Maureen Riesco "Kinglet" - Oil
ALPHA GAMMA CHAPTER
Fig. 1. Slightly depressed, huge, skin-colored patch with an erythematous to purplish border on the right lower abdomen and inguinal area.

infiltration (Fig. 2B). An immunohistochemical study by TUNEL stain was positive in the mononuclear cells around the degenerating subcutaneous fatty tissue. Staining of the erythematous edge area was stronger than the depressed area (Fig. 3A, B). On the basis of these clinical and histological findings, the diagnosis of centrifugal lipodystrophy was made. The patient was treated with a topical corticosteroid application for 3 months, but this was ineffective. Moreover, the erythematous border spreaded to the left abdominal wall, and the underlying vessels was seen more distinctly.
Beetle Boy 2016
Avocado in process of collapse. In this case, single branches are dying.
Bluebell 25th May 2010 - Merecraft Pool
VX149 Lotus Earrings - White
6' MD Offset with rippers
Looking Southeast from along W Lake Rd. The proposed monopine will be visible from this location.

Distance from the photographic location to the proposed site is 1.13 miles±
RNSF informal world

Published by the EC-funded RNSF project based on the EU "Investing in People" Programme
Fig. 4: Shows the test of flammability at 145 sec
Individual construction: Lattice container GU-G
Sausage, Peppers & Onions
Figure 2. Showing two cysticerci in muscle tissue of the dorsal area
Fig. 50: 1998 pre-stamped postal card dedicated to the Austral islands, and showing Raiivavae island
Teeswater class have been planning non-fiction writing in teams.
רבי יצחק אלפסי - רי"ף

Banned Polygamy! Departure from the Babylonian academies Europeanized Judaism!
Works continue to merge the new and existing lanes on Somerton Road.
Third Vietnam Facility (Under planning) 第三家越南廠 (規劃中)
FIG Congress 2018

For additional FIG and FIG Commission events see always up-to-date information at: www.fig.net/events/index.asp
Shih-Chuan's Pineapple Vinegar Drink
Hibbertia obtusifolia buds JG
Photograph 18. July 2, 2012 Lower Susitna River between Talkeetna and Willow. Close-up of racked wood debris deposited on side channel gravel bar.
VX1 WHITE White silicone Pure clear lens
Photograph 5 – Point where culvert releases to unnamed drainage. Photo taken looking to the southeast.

--------

TASK ITEM
All lines in the records above with "White" need to be found and copied.

TASK ANSWER
VX149 Lotus Earrings - White
VX1 WHITE White silicone Pure clear lens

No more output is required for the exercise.